What needs to be done: Transcribe the lines below exactly, beginning with the line that holds "Used Horizontal Machining" and ending with the final line, both included. Pictures are to be left out.

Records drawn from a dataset
····················

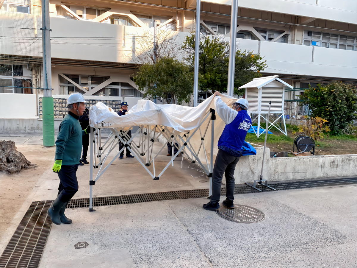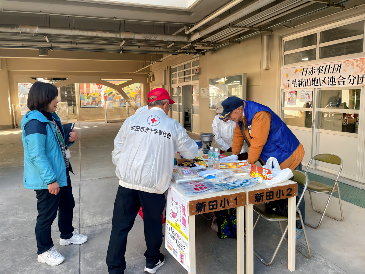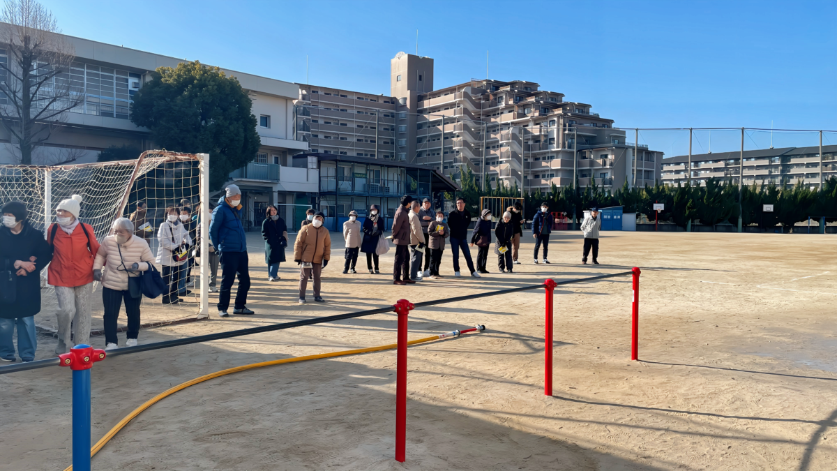 令和8年1月18日(日)午前9時30分、上町断層帯を震源としたマグニチュード7.5の直下型地震が発生し、吹田市全域で震度6強、断層付近の一部地域で震度7の大地震に襲われたとの想定で、連合自治会を中心とした各自治会での避難訓練とまちづくり協議会による合同防災訓練を千里新田小学校で実施しました。
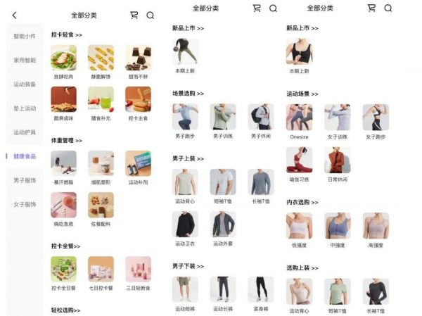 目前,Keep的商城中包含运动装备、健康食品、男女服饰等8个大类,82个细分小类,几乎涵盖居家健身的吃、喝、穿、用全部领域。
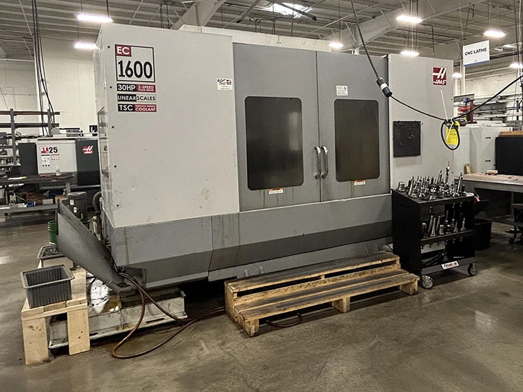 Used Horizontal Machining Center with HAAS control, 4th axis, 30" platter, and dual chip augers. Features include a 30 hp spindle, 30 ATC, and 6,000 RPM.
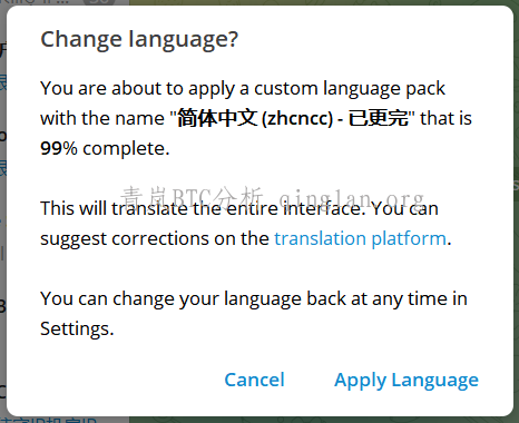 4-4、在Telegram 软件内会出现弹窗,这个界面显示了该中文语言包的翻译进度(X%),点击“Apply Language”,应用该语言包
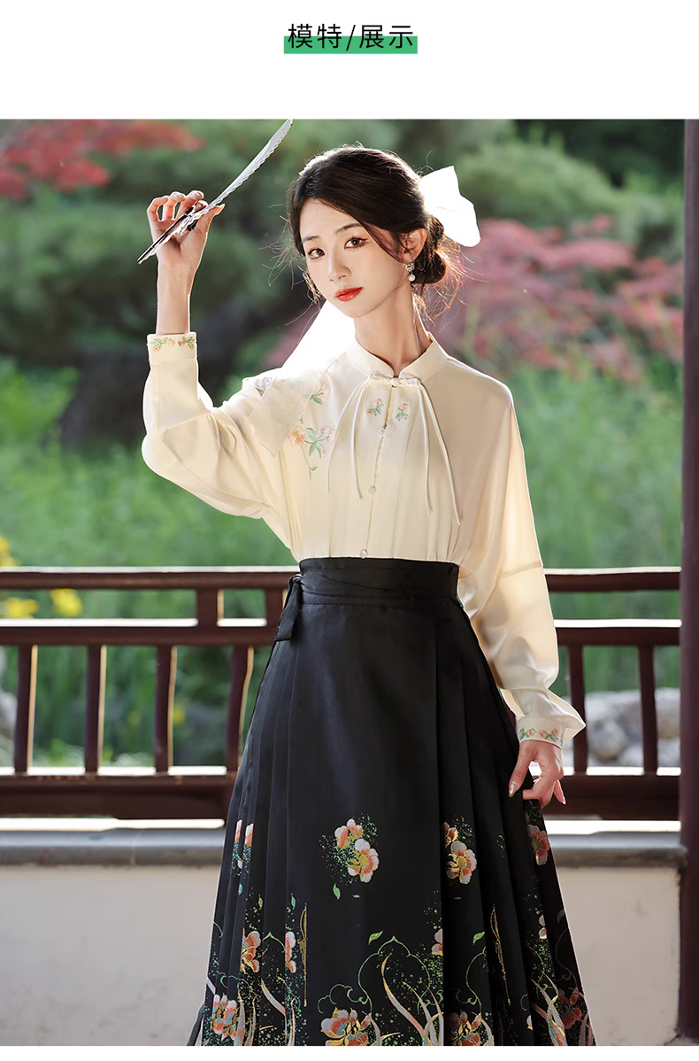 女士汉服裙明制汉服花鹊枝重工云肩立领大袖衫马面裙套装春秋季款
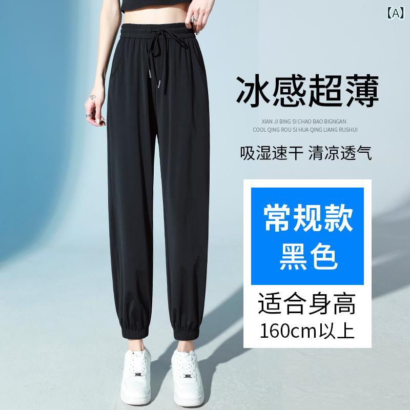 ゆったり イージーパンツ レディース ブラック 冷感 スポーツ パンツ レディース 夏 薄手 九分丈 ゆったり カジュアル 小さめ 日焼け防止 速乾 スウェットパンツ
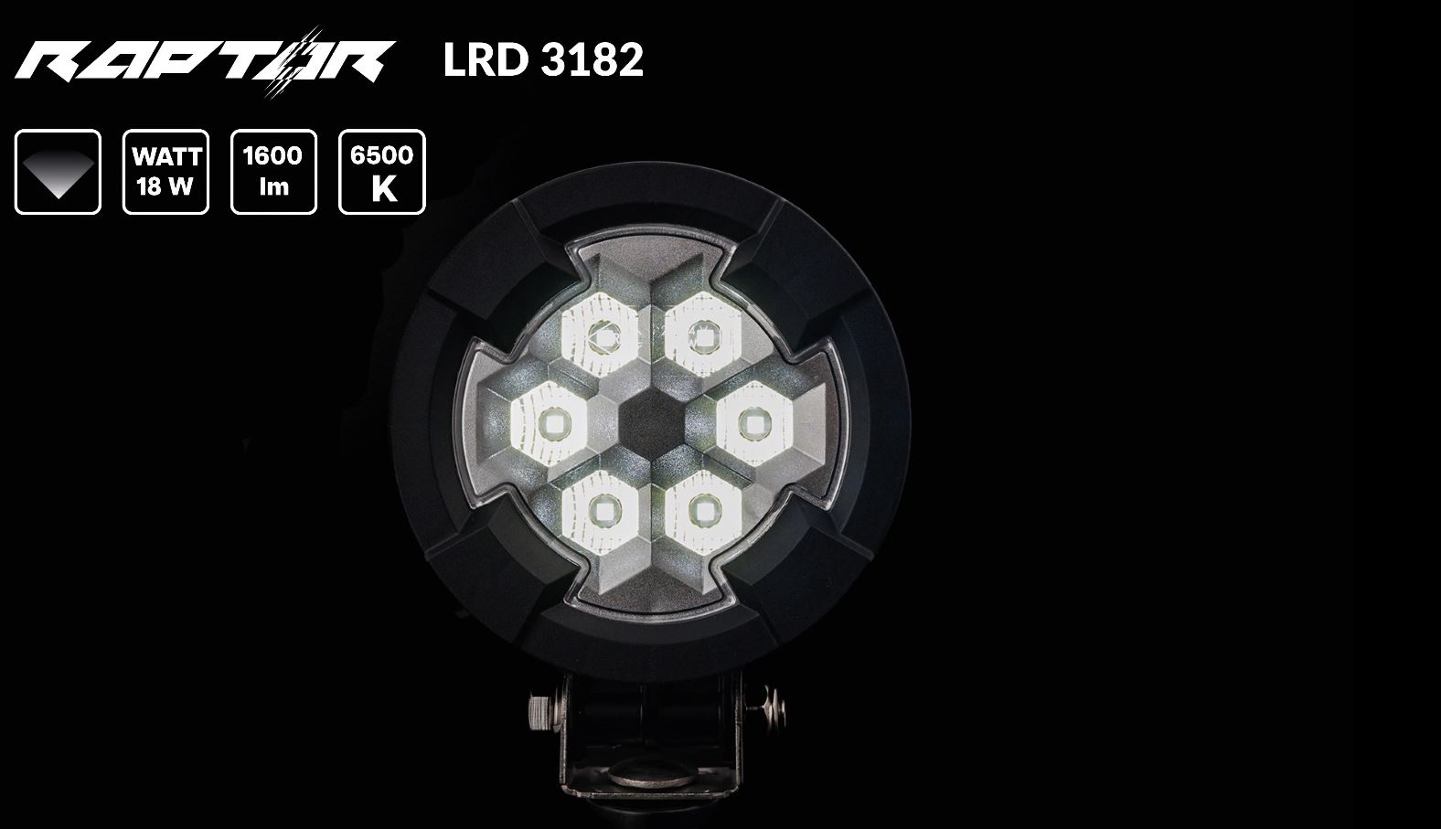 The RAPTOR LRD 3182 work lamp is a reliable and modern lighting solution created for demanding users. With 6 LED diodes and a total power of 18 W, it produces a bright light output of 1600 lm at 6500 K, ensuring clear and comfortable visibility even in complete darkness.

····················

Task solution:
 Used Horizontal Machining Center with HAAS control, 4th axis, 30" platter, and dual chip augers. Features include a 30 hp spindle, 30 ATC, and 6,000 RPM.
 4-4、在Telegram 软件内会出现弹窗,这个界面显示了该中文语言包的翻译进度(X%),点击“Apply Language”,应用该语言包
 女士汉服裙明制汉服花鹊枝重工云肩立领大袖衫马面裙套装春秋季款
 ゆったり イージーパンツ レディース ブラック 冷感 スポーツ パンツ レディース 夏 薄手 九分丈 ゆったり カジュアル 小さめ 日焼け防止 速乾 スウェットパンツ
 The RAPTOR LRD 3182 work lamp is a reliable and modern lighting solution created for demanding users. With 6 LED diodes and a total power of 18 W, it produces a bright light output of 1600 lm at 6500 K, ensuring clear and comfortable visibility even in complete darkness.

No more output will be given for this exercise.